RECORDS FOR PROCESSING ::
################
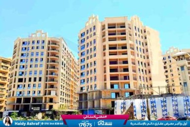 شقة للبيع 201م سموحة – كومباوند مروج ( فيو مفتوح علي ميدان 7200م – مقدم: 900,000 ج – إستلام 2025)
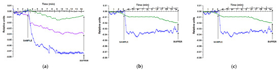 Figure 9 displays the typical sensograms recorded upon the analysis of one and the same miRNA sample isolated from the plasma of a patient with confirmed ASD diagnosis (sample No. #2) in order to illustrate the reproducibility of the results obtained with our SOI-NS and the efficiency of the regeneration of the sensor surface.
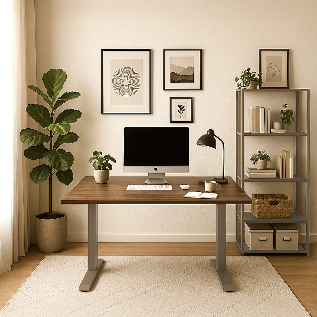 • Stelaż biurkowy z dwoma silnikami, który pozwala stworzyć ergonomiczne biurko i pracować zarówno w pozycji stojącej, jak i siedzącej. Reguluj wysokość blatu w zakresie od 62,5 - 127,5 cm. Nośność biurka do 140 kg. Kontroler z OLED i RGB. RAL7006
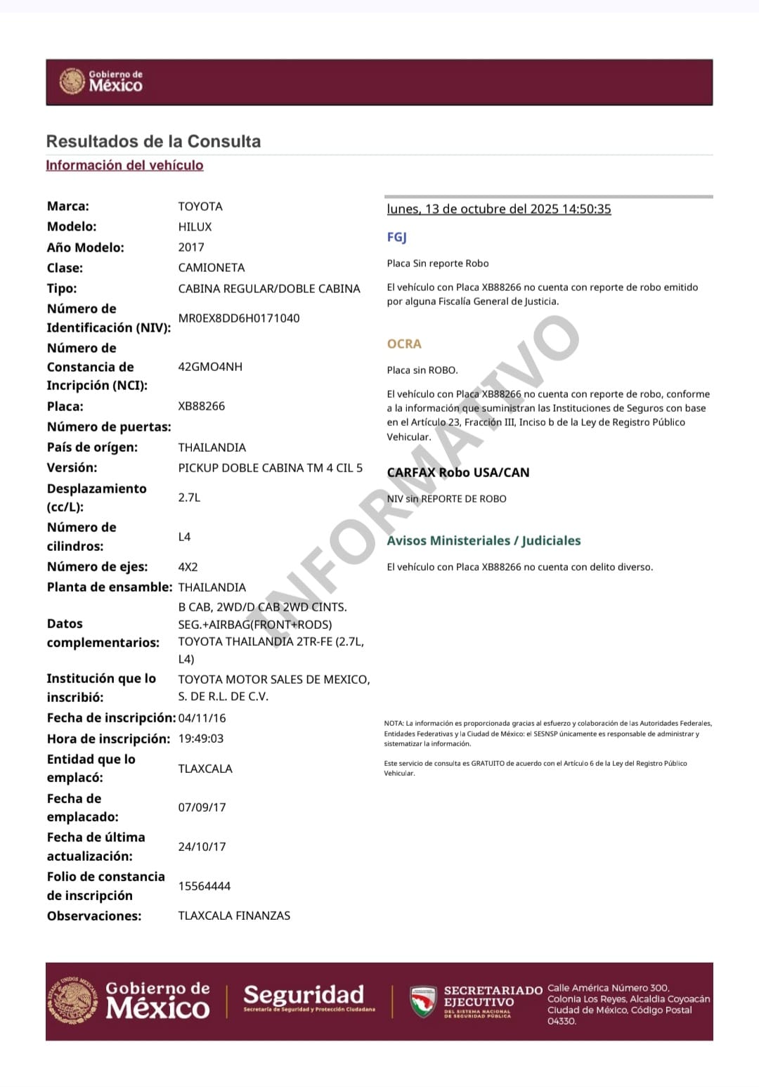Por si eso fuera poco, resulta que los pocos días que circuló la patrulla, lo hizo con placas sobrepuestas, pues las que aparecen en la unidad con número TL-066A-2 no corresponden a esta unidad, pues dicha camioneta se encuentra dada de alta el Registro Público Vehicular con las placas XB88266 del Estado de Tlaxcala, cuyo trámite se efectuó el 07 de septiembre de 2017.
################
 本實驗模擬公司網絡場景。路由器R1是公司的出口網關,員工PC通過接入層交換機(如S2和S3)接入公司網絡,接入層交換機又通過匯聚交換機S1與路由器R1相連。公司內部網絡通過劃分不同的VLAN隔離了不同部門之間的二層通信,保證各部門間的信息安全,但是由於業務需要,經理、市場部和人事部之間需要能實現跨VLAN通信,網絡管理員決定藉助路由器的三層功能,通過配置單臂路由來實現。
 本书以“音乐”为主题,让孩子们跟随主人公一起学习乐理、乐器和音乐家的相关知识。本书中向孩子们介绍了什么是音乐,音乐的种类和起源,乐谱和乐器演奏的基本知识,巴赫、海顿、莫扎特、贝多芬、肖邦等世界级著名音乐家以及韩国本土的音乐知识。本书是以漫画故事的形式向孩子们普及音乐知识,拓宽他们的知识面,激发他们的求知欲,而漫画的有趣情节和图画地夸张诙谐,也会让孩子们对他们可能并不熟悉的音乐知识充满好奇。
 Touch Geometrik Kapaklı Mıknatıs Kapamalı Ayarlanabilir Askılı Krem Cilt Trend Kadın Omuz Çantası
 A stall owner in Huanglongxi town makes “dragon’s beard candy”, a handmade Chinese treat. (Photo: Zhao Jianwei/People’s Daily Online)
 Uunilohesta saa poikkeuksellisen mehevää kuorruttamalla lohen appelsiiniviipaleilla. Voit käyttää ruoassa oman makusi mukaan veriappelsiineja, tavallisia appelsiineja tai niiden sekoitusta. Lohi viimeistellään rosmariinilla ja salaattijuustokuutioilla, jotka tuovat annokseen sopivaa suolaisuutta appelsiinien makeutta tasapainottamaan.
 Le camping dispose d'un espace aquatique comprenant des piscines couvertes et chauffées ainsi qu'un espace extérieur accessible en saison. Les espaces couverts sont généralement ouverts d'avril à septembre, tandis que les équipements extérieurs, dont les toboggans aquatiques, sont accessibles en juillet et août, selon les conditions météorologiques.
################
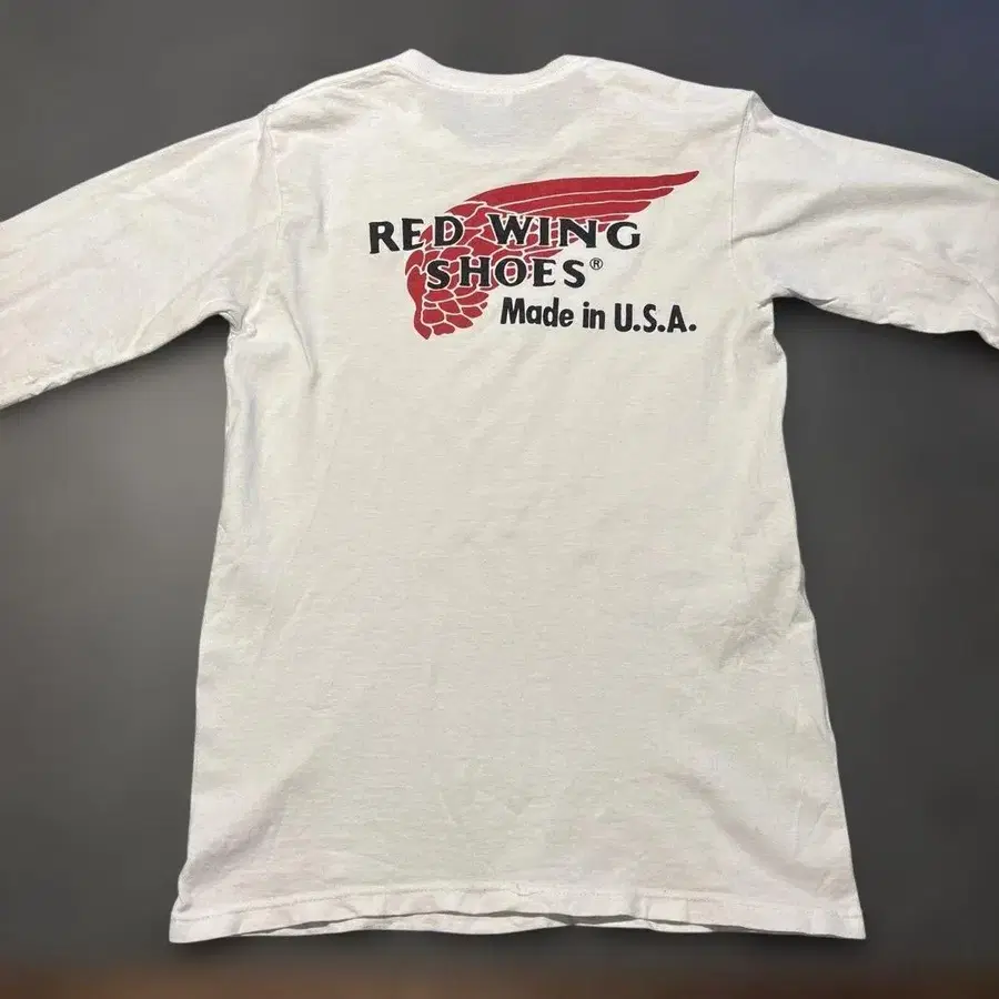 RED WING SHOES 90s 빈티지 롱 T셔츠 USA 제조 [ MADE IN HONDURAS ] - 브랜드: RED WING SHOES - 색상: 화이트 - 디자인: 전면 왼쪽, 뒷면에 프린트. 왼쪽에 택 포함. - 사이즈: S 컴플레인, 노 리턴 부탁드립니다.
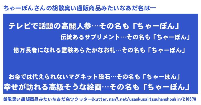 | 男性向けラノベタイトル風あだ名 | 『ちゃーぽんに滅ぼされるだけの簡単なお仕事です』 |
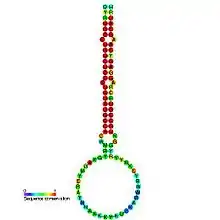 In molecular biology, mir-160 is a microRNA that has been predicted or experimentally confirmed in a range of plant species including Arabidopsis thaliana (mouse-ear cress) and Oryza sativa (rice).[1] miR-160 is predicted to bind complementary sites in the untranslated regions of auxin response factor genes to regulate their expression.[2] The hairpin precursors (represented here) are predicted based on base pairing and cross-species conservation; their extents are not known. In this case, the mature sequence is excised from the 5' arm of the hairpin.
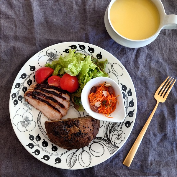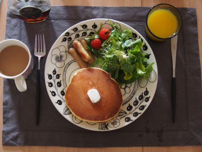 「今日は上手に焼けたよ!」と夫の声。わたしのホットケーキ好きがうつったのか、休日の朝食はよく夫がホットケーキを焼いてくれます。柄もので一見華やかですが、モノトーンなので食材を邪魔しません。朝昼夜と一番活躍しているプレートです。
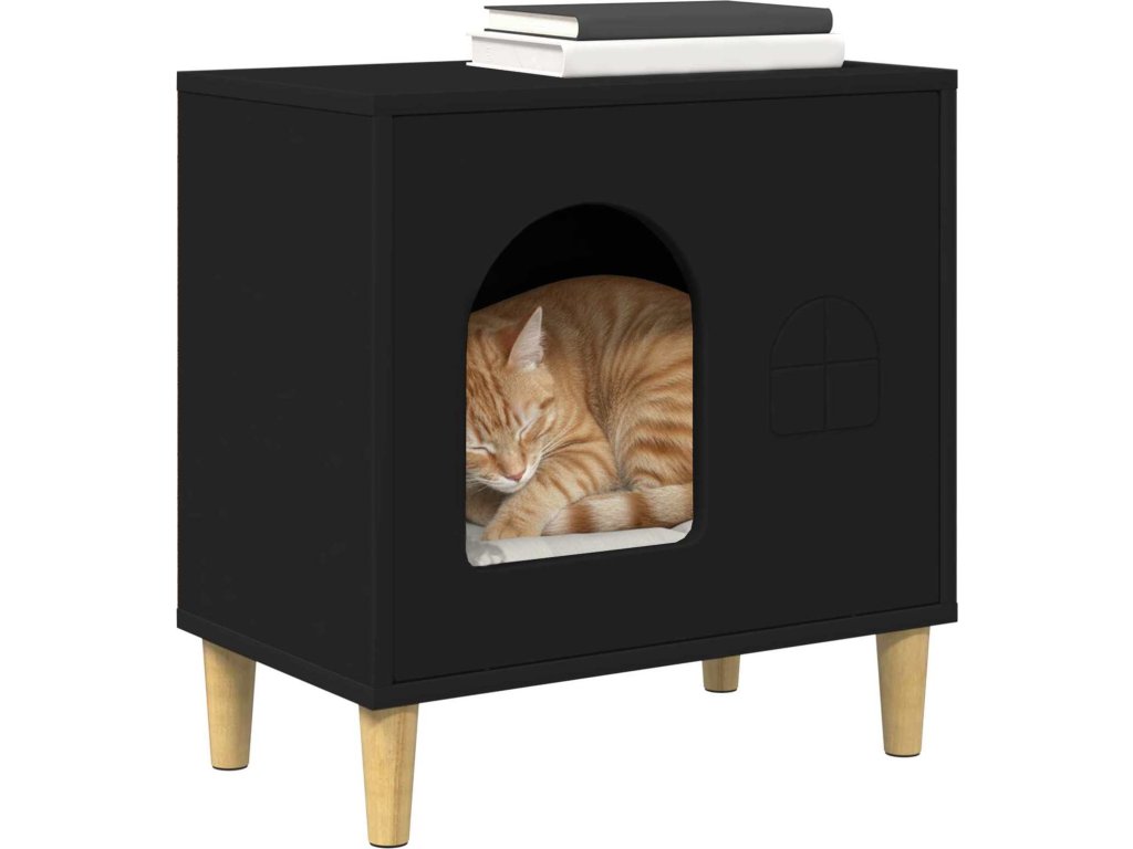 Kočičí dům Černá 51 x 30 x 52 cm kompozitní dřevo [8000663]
################
PROBLEM :: When you reach the line with "شقة للبيع 201م" in the records above, begin repeating the lines exactly, and stop after the line with "Por si eso fuera". Skip all pictures.

SOLUTION TO THE EXERCISE ::
 شقة للبيع 201م سموحة – كومباوند مروج ( فيو مفتوح علي ميدان 7200م – مقدم: 900,000 ج – إستلام 2025)
 Figure 9 displays the typical sensograms recorded upon the analysis of one and the same miRNA sample isolated from the plasma of a patient with confirmed ASD diagnosis (sample No. #2) in order to illustrate the reproducibility of the results obtained with our SOI-NS and the efficiency of the regeneration of the sensor surface.
 • Stelaż biurkowy z dwoma silnikami, który pozwala stworzyć ergonomiczne biurko i pracować zarówno w pozycji stojącej, jak i siedzącej. Reguluj wysokość blatu w zakresie od 62,5 - 127,5 cm. Nośność biurka do 140 kg. Kontroler z OLED i RGB. RAL7006
Por si eso fuera poco, resulta que los pocos días que circuló la patrulla, lo hizo con placas sobrepuestas, pues las que aparecen en la unidad con número TL-066A-2 no corresponden a esta unidad, pues dicha camioneta se encuentra dada de alta el Registro Público Vehicular con las placas XB88266 del Estado de Tlaxcala, cuyo trámite se efectuó el 07 de septiembre de 2017.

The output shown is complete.